▶ **Supplied material**:
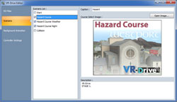 UC-win/RoadのRDデータをVR-Driveで使用するにはコース設定を行う必要があります。この操作はUC-win/RoadとVR-Driveプラグインで行います。UC-win/Roadのメインメニューから「VR-Drive」を選択するとVR-Drive Editorが表示されます。左の「Scenario」ボタンをクリックすると定義済みのシナリオがリストアップされて、どのシナリオをVR-Driveで使用するかをチェックボックスで指定できます。チェックするとCaption、Course Select Image、Descriptionが入力できるようになります。
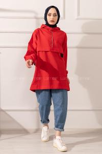 Modalamelif Kanguru Cep Yarım Fermuarlı Tunik Kırmızı
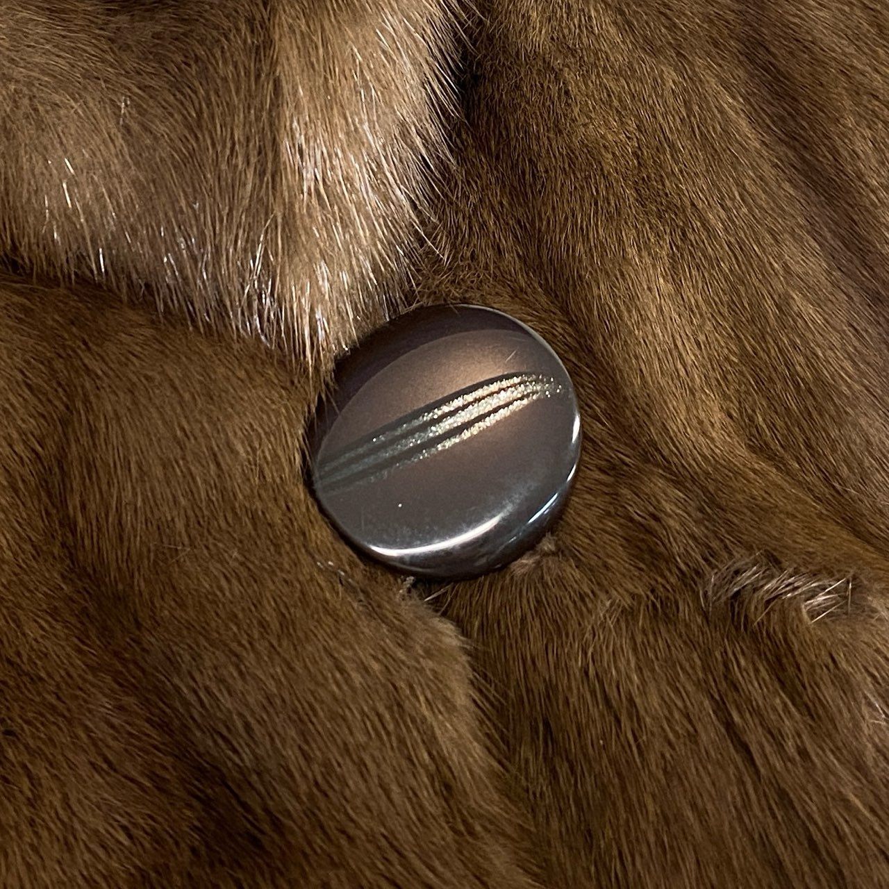 上質な艶を持つグレージュミンクが美しい、Surelle の最高級ミンクロングコートです。なめらかで密度の高い毛並みが均一に揃い、光の加減で深みのあるブラウン系の陰影が浮かぶラグジュアリーな一着。フロントには上品なボタンが施され、クラシックで落ち着いた印象に仕上がっています。ひざ上丈でバランスが良く、フォーマルシーンはもちろん、冬のお出かけや特別な日の装いにもおすすめです。
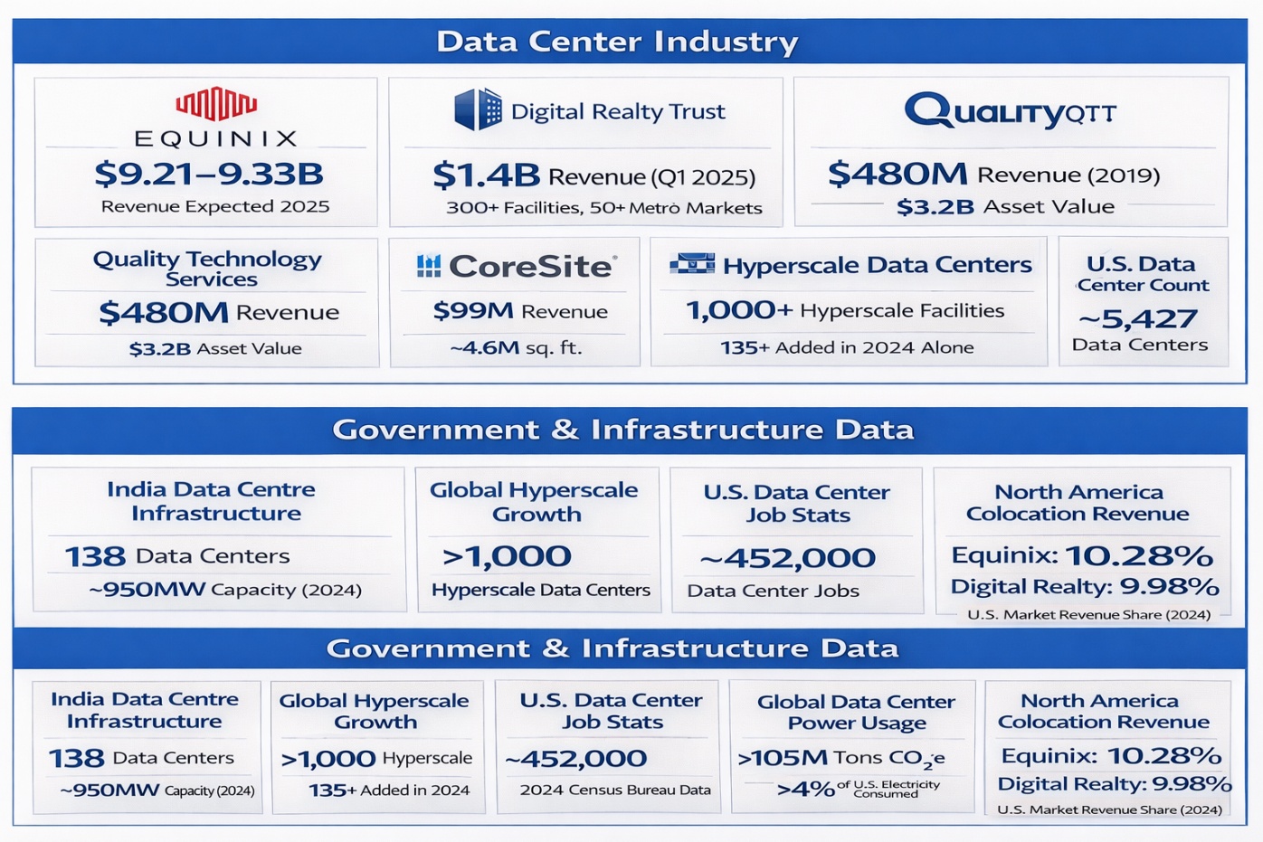 | Global Data Center Power Usage | U.S. centers consumed >4% of national electricity; ~105 million tons CO₂e in 2023 | Highlights the environmental impact of running data centers. |

▶ **The task**:
From the line with "Modalamelif Kanguru Cep" through the final line of the data above, copy everything exactly, both ends included, but not the pictures.

▶ **Output**:
 Modalamelif Kanguru Cep Yarım Fermuarlı Tunik Kırmızı
 上質な艶を持つグレージュミンクが美しい、Surelle の最高級ミンクロングコートです。なめらかで密度の高い毛並みが均一に揃い、光の加減で深みのあるブラウン系の陰影が浮かぶラグジュアリーな一着。フロントには上品なボタンが施され、クラシックで落ち着いた印象に仕上がっています。ひざ上丈でバランスが良く、フォーマルシーンはもちろん、冬のお出かけや特別な日の装いにもおすすめです。
 | Global Data Center Power Usage | U.S. centers consumed >4% of national electricity; ~105 million tons CO₂e in 2023 | Highlights the environmental impact of running data centers. |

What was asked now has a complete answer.